さて、ザフィーラは一計を案じて、まずは王都の「南南東の側にある森」の奥の「開けた空間」へと、カナタやツバサとともに転送で降り立ちました。
王都ティレニアの外壁には八方に一つずつ市門がありましたが、はやてたちは南西側の門から入って、すぐに騒ぎになってしまったそうなので、ザフィーラはあえて一つズラして南側の門から入ることにしたのです。
そこから見て南東の側には「例の貯水池」が広がっていましたが、幸いにも、今は穏やかな西風が吹いており、三人はその臭いを嗅がずに済みました。
【あるいは、二つの貯水池(実際には、下水処理施設)が、王都の「南南東」と「北北西」を選んで設けられたのも、普段の風向きを考慮した上でのことだったのかも知れません。】
三人は、食材などを満載した荷馬車の列をひとつやり過ごしてから森を抜け、その列の背後に身を隠すようにして街道に入り込みました。そのまま市門まで2キロメートルたらずの道程を普通に歩いて行きます。
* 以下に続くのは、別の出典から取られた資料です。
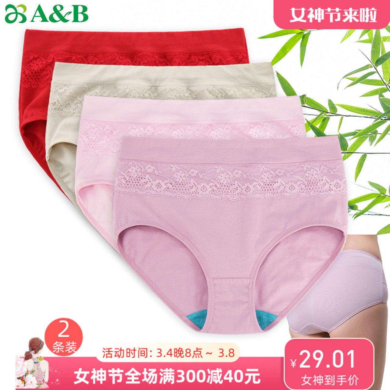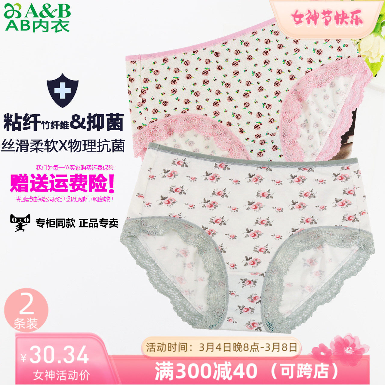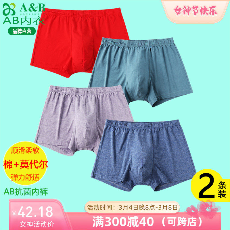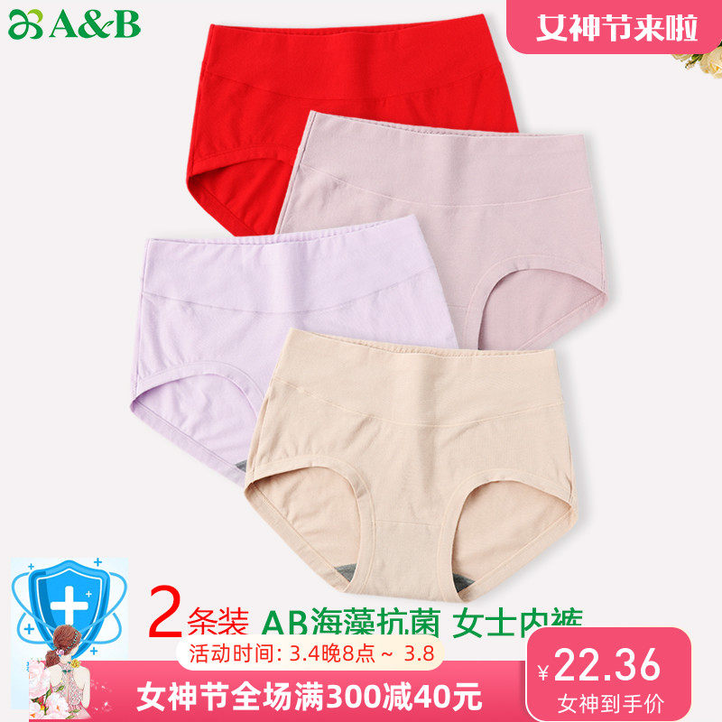 ab内衣2条装本命年大红女士平脚内裤中腰海藻抗菌平角短裤L620

途中、ザフィーラは「小隊長代行」となったヴィータに念話で連絡を入れ、第一分隊の代わりに自分たち第九分隊が任務に加わったことを伝えました。形式的には、ザフィーラがヴィータの指揮下に入った形となります。
そうして、11時半頃、カナタとツバサはついに王都の市門をくぐったのでした。
さて、王都ティレニアの「王宮区を中心とする同心円状の大通り」は、みなそれぞれに丸くつながっていましたが、「王宮区と外壁を結ぶ放射線上に位置する大通り」は、すべて短く寸断されていました。
(以下、前者を「環状道」と、後者を「上下道」と呼称します。)
上下道はどれも「隣り合った二本の環状道」をアミダ籤の横棒のように短く結び付けているだけで、中心にある王宮区の側から見ると、上下道同士は一段ごとに、方向が必ず大きくズレていました。結果として、この都の大通り同士の交差点はすべてT字路になっており、アミダ籤と同様に、十字路はひとつもありません。
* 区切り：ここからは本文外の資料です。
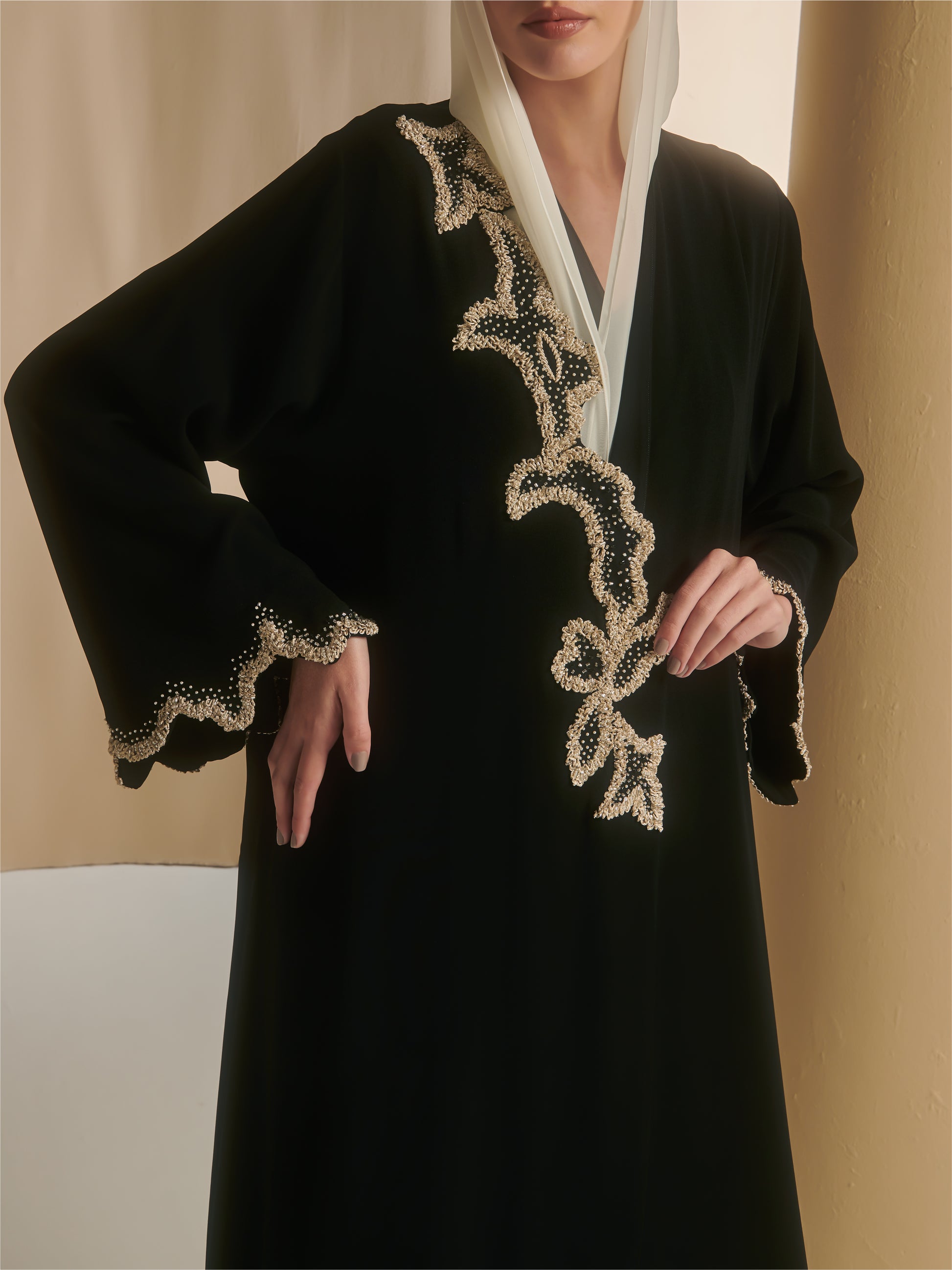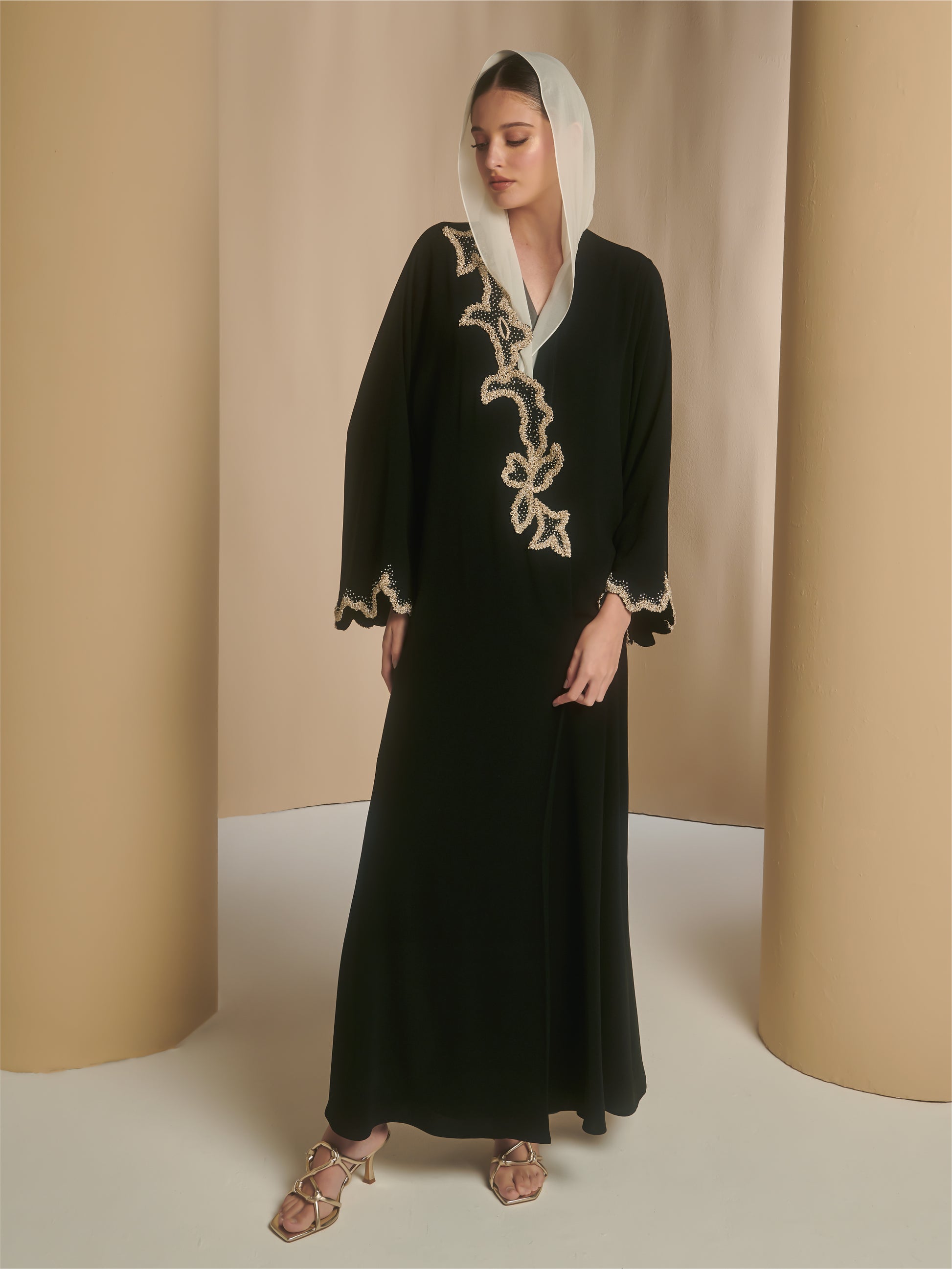 A crepe Abaya with scallop cut panel in front side of the abaya and sleeves with 3D threads embroidery

どうやら、軍事的な観点から、『もし敵が門を破って都の中にまで侵入して来たとしても、決して王宮区まで直線的に攻め込んで来ることはできない』という造りになっているようです。
(と言っても、実際には、この都が造営されて以来、外部から「何らかの敵」がこの都にまでやって来たことなど、歴史上、一度も無いのですが。)
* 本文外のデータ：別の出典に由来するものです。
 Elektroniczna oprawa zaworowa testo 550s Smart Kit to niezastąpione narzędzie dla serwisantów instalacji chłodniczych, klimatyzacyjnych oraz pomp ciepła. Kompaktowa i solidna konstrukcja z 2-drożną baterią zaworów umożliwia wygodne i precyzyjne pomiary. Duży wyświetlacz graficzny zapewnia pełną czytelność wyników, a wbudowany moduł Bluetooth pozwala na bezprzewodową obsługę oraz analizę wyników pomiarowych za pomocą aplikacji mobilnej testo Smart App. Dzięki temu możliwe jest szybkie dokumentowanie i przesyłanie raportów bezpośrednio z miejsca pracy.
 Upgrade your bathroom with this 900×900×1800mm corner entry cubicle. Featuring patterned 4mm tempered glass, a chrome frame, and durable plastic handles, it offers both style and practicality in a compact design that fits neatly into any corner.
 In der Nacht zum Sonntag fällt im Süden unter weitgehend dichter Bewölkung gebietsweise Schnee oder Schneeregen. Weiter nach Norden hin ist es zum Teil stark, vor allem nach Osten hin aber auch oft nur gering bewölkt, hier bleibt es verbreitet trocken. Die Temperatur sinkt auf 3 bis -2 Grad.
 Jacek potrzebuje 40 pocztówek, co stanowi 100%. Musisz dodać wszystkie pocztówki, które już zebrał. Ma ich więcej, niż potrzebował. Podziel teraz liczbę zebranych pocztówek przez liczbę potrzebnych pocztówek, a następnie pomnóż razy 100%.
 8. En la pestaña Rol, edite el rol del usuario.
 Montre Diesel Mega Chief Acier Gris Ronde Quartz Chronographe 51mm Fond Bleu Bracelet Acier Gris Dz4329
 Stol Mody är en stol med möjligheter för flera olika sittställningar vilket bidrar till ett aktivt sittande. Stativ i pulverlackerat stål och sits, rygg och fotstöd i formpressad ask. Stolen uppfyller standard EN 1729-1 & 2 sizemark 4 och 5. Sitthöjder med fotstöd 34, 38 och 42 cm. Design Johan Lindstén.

もちろん、「大通り」以外にも、幅広い「街路」や狭い「路地」はたくさんあるのですが、見たところ、それらの街路や路地はみな有事には大通りに面した「門扉」を閉ざすことができる構造になっていました。
なお、ここで言う「大通り」とは、中央には馬車用の車道が、その両脇には歩行者用の歩道が設置された、合わせて幅が16メートル余もある石畳の道路のことです。
(おそらくは、「およそ16.2メートル」を基本単位とする「古代ベルカ式の単位系」が、今もそのまま使われているのでしょう。)
車道の部分だけでも、その幅は10メートルもあり、「片側2車線」が可能な幅となっていました。しかし、実際には、周囲の石畳とはやや色調の異なる「中央分離帯」が大変に幅広く設定されており、その分離帯に踏み込んでしまう「内側の車線」は、あくまでも「非常用の追い越し車線」という扱いのようです。
ちなみに、上下道の長さ(つまり、環状道から次の環状道までの距離)は、どれもおおよそ200メートルほどでした。環状道は、王都全体では11本もあるようです。
ザフィーラとカナタとツバサが巨大な市門をくぐって見ると、正面には大きな「広場」が拡がっていました。
外壁のすぐ内側は直ちに「11番目の環状道」となっており、その環状道の幅を除いても、広場の奥行きはほとんど65メートルもあります。
また、広場の東側にも西側にも「上下道」が走っていましたが、その幅を除いても、広場の幅はその奥行きの二倍ほどありました。相当に広々とした空間であり、この区域における商業や文化の中心地となっている場所です。
遠方の村々から今朝一番の収穫物をはるばる運んで来た荷馬車の群れ。その積み荷を買い付けに来た小売りの商人たち。何やら警邏中の魔導師たち。あれこれ話しながら散策する都市住民たち。
そういったさまざまな人々が行き交う広場を抜けて、三人はまず西側の上下道に入りました。「基本」は右側通行のようなので、取りあえず東側の歩道を王宮区に向かって北へと進んで行きます。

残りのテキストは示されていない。